Nonreciprocal ballistic transport in multi-layer Weyl semimetal films with surface engineering

TL;DR

This paper theoretically explores nonreciprocal ballistic transport in multi-layer Weyl semimetal films, highlighting surface state dominance, quantum size effects, and thickness-independent density of states patterns.

Contribution

It introduces a surface engineering approach to induce and analyze nonreciprocal transport phenomena in Weyl semimetal thin films, revealing sub-band-resolved effects and quantum size influences.

Findings

Surface states dominate nonreciprocity in WSM films.

Nonreciprocal signal decreases with increasing film thickness.

Density of states remains thickness-independent, explained by a single-variable theory.

Abstract

Weyl semimetal (WSM) thin films exhibit distinct electronic properties compared to their bulk counterparts. In this study, we theoretically investigate the nonreciprocal ballistic transport phenomena arising in WSM thin films due to surface modifications. Our analysis demonstrates that the nonreciprocity is sub-band-resolved, where the surface states provide the dominant contribution to the nonreciprocity, whereas the bulk states introduce a negative correction.

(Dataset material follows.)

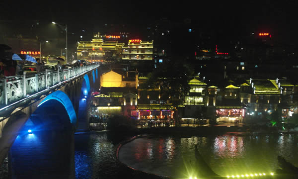 鳳凰古城是國(guó)家歷史文化名城,曾被新西蘭著名作家路易艾黎稱贊為中國(guó)最美麗的小城。這里與吉首的德夯苗寨,永順的猛洞河,貴州的梵凈山相毗鄰,是懷化、吉首、貴州銅仁三地之間的必經(jīng)之路。作為一座國(guó)家歷史文化名城,鳳凰的風(fēng)景將自然的、人文的特質(zhì)有機(jī)融合到一處,透視后的沉重感也許正是其吸引八方游人的魅力之精髓。這座曾被新西蘭作家路易艾黎稱作中國(guó)最美麗的小城之一的“鳳凰古城”建于清康熙時(shí),這顆“湘西明珠”是名副其實(shí)的“小”,小到城內(nèi)僅有一條像樣的東西大街,可它卻是一條綠色長(zhǎng)廊。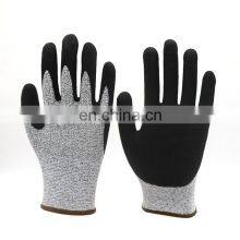 High Quality CE Level 5 Cut Resistant Gloves Sandy Nitrile Coated Abrasion Resistant Cut Resistant Working Safety Glove

Calculations further reveal a quantum size effect: overall, the nonreciprocal signal decreases with increasing film thickness, but it undergoes discontinuities as the Fermi energy approaches the bottom of a sub-band. Moreover, we observe that the density of states (DOS) in such multi-layer systems exhibits a thickness-independent pattern, which can be effectively explained by a single-variable theory.